3. Calibration Model: Pinhole + Refraction

Use this model when refractive interfaces are non-negligible and you need to model camera-side medium, window material/thickness, and object-side medium explicitly.

Refraction Model Notes:

It is highly recommended to use 2 or more cameras per refraction plate/window for better calibration robustness. Multiple plates are recommended for better calibration results. If your camera viewing angle is nearly normal to the refraction plate, it is still recommended to use the Pinhole model.

$Refraction Settings Panel$

Step 12: Select the Refraction Model

In Camera Settings, set Model to Pinhole+Refraction.
Verify image size, sensor pitch, and focal-length initialization for each camera.

Step 13: Configure Refraction Settings

Set Number of Windows.
In Camera-Window Mapping, assign each camera to its corresponding window.
In Window Configuration, set media/material parameters for each layer:
- Camera side (e.g., Air, refractive index)
- Window (material index and thickness)
- Object side (e.g., Water, refractive index)

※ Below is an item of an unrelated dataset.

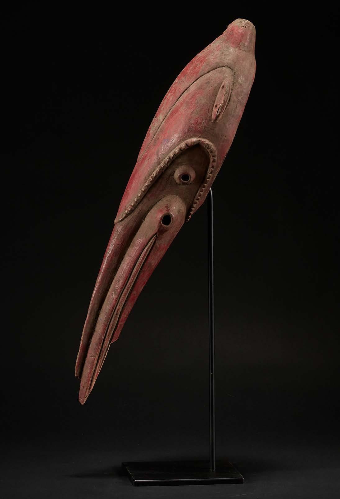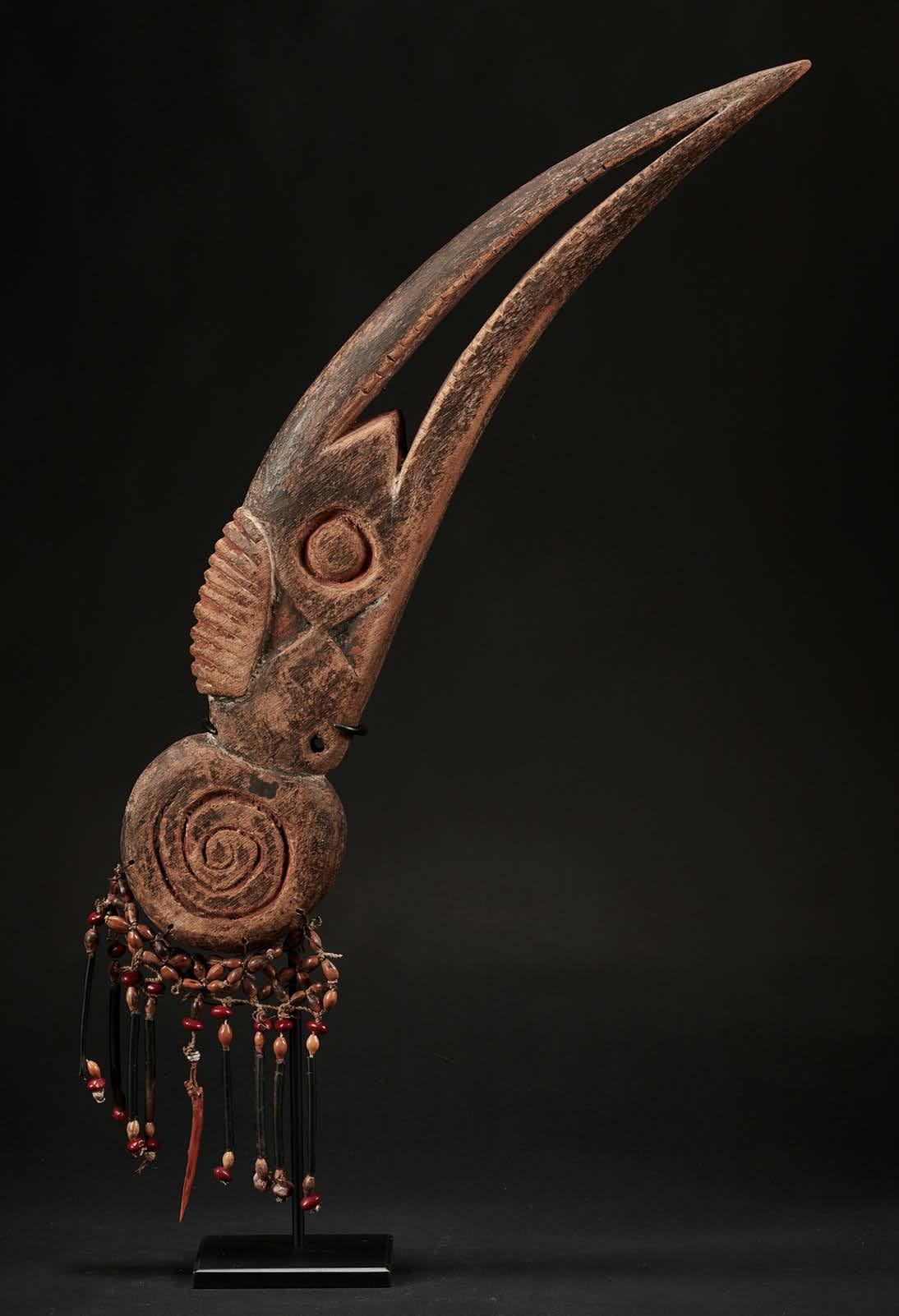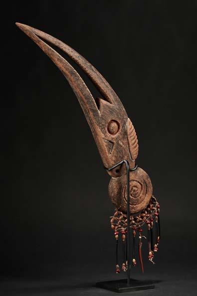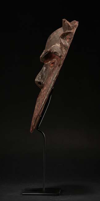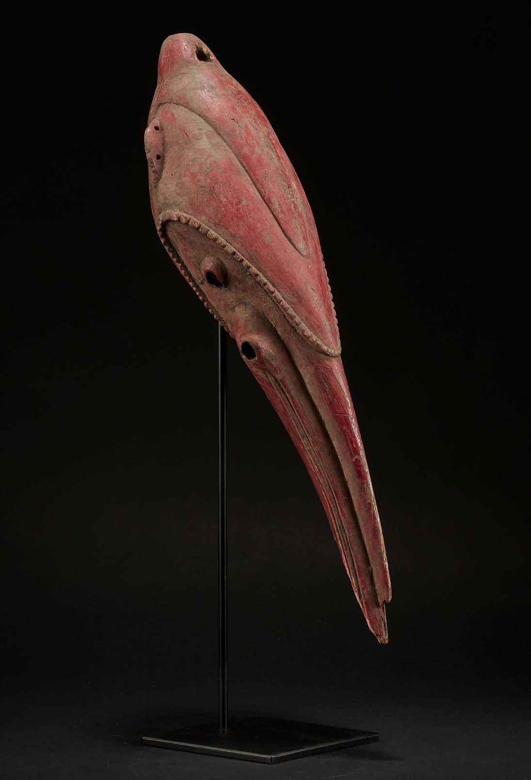 This Bird Mask, representing a clan bird totem, is one of the more elegant masks to come from this little-known region. Its form is long and sinuous and shows evidence of being used over many years. The end of the pointed beak is slightly damaged, a sign of its frequency of use, but this does not detract in the least from its overall aesthetic quality. Totem masks of this kind were worn during ceremonial dances. The male dancer wears this over his face, with his body totally covered by fibre skirts. The exact nature of the ceremony for which this mask was danced is unknown, yet it clearly displays a ceremonial vitality.

Step 14: Run and Refine Calibration

Click Run Calibration and review residual errors.
Calibrate all cameras after verifying each camera's fit quality.
Save all camera parameters when results are stable.

Troubleshooting

High RMS Error

Check that all points are correctly indexed (no reversed axes).
Verify the physical spacing (dx, dy) is accurate.
Ensure the template matched the correct dots (not reflections or noise).
Add more images from different angles to improve calibration.

Points Not Detected

Adjust the Match Threshold slider (lower = more detections).
Select a clearer template from a well-lit area of the image.
Change Point Color if dots are dark on bright background.